Wie bunt und reichlich der Tisch gedeckt ist, hängt nicht vom Veganismus ab, sondern von jedem selbst. Wer sich bewusst mit Ernährung auseinandersetzt, hat meistens auch einen vielfältigen und bunt gedeckten Tisch, auch ohne andere Tiere ausbeuten zu müssen.

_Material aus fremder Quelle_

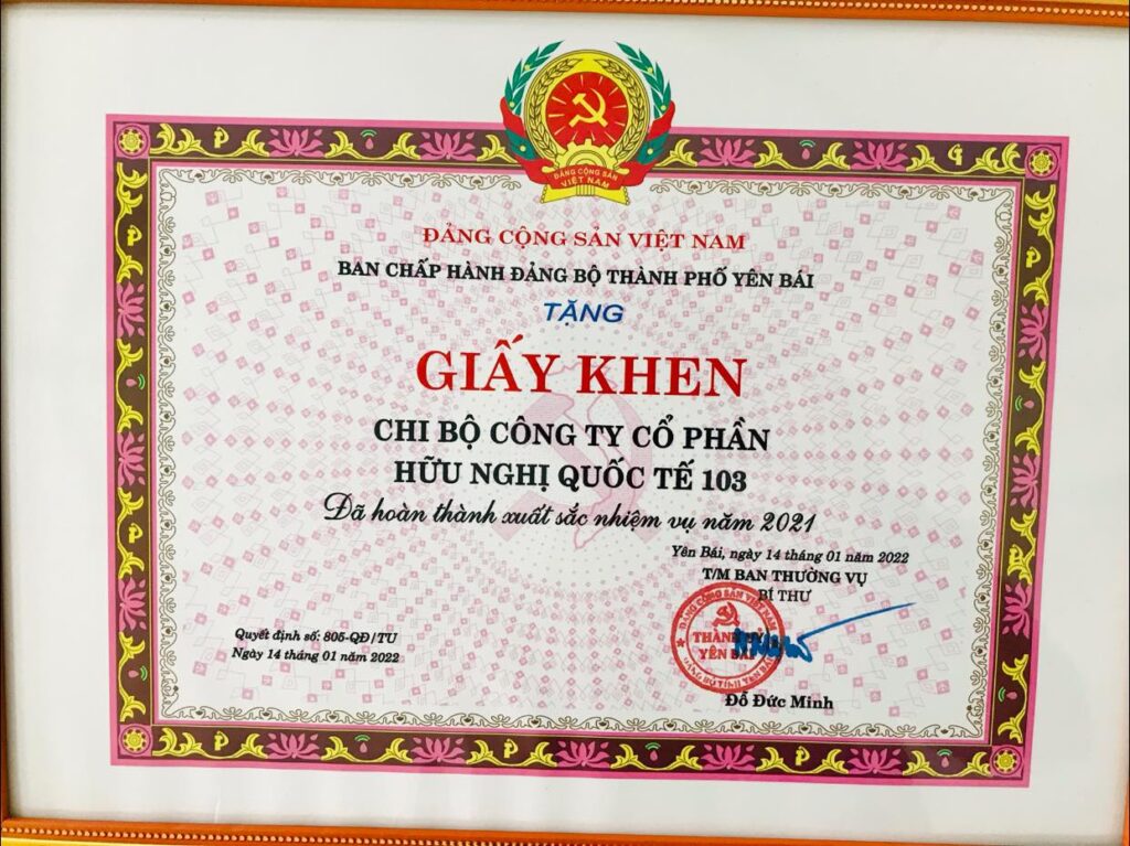 Đầu năm 2022, Công đoàn cơ sở và Chi bộ Công ty cổ phần Hữu Nghị Quốc tế đã vinh dự được nhận Bằng khen của Ban chấp hành liên đoàn lao động tỉnh Yên Bái và Ban chấp hành Đảng bộ thành phố Yên Bái.

Empfehlenswerte Bestandteile für die tägliche Gesunderhaltung bei veganer Ernährung sind:

  • viel Rohkost
  • viele Vollkornprodukte
  • weniger Tofuprodukte (etwa im selben Maße wie omnivore Fleisch essen „sollten“)
  • hochwertige, kalt gepresste Pflanzenöle wie z. B. Leinöl verwenden und nicht erhitzen!
  • Hefeflocken (sollten nicht erhitzt werden, also erst nach dem kochen zufügen)
  • Verschiedene Sorten Nüsse
  • Bioprodukte verwenden oder einen eigenen Garten anlegen
  • wer auf ganz sicher gehen will, kann verschiedene pflanzliche Nahrungsergänzungsmittel verwenden wie z. B. Spirulina usw.

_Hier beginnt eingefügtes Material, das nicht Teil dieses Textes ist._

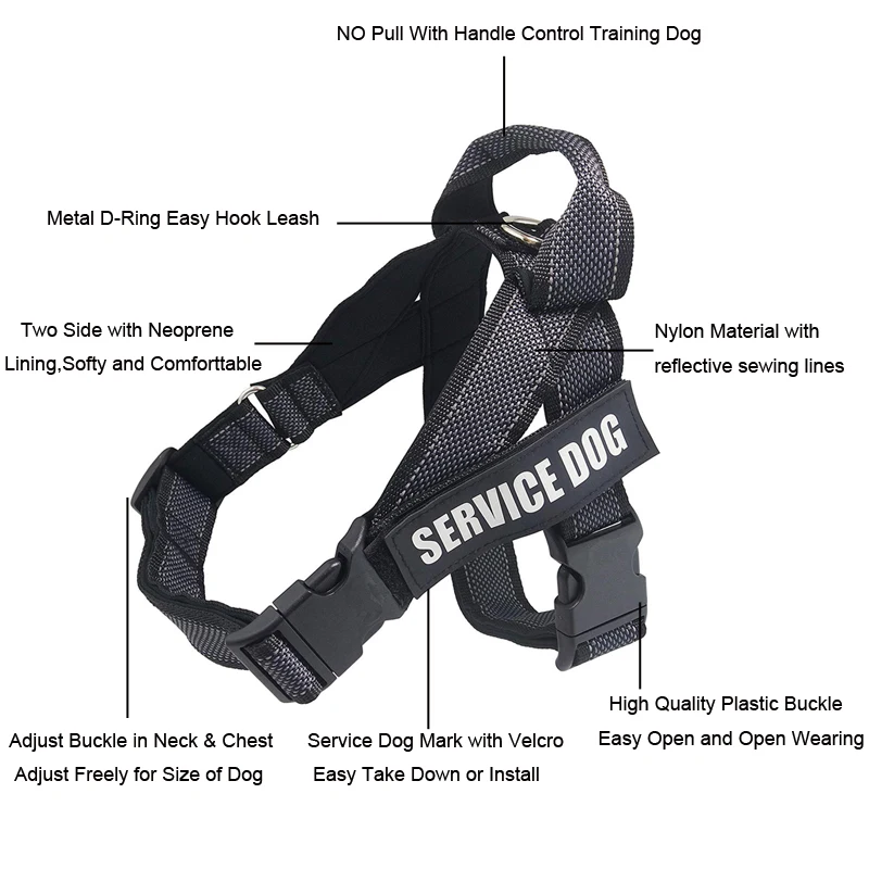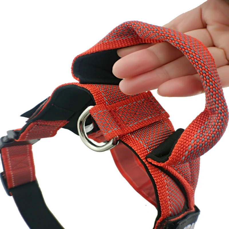 1), высококачественный нейлоновый материал, передняя часть со светоотражающими линиями на поводке для собаки, Неопреновая подкладка для мягких подушек, не повреждает кожу собаки;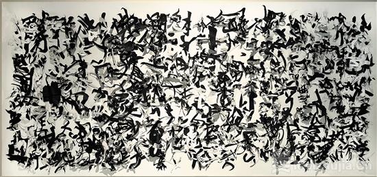 邱涛 问·兰亭集序 110×240cm 水墨、纸上行为 2024年

Selbstverständlich reicht eine tägliche Ernährung mit Vollkornreis nicht aus. Auch hier ist die Abwechslung wichtig.

Propaganda gegen Veganismus

Aus einer Pressemitteilung (net-tribune.de/article/r080905-03.php) der Gesellschaft für Ernährungsmedizin und Diätetik e.V., der neben Medizinern, Apothekern und Ernährungswissenschaftlern auch dutzende Firmen und Verbände aus der pharmazeutischen Industrie sowie der Lebensmittelbranche angehören:

„Veganer und Rohköstler ernähren sich […] nicht gesünder, als der gesundheitsbewusste Mischköstler. Eine ausreichende Versorgung mit B-Vitaminen und Eisen ist auf Dauer bei veganer Ernährungsweise ohne Nahrungsergänzung unmöglich. Außerdem wird das Abwehrsystem des Darms sowie die Aufnahme von bestimmten Mineralstoffen wie Kalzium von „Gefahrenstoffen“ wie Phytin- und Oxalsäure behindert, die in einigen rohen Pflanzenteilen anzutreffen sind. Pflanzen schützen sich auf diese Weise vor Fraßfeinden.“

Dieser Beitrag ist sehr amüsant und musste daher unbedingt hier aufgenommen werden. Wer glaubt heutzutage noch daran, dass die oben aufgezählten Personenkreise mehr an dem individuellen Menschen und besonders an unserer Gesundheit als an unseren Geldbeuteln interessiert sind? Natürlich werden sich Menschen, die an der Ausbeutung von Tieren verdienen nicht in die eigene Suppe spucken und somit alles daran setzen, Menschen, die ihnen gefährlich werden könnten zu diskreditieren. Es ist schlichtweg nicht wahr, dass Veganer sich nicht ohne Nahrungsergänzung ernähren können. Allerdings kommt es darauf an, was man als Nahrungsergänzung betrachtet. In diesem Fall kann man sicherlich von den pharmafinanzierenden, künstlichen Präparaten ausgehen die diese Menschen empfehlen und mit welchen wir ihnen ihr Luxusleben finanzieren.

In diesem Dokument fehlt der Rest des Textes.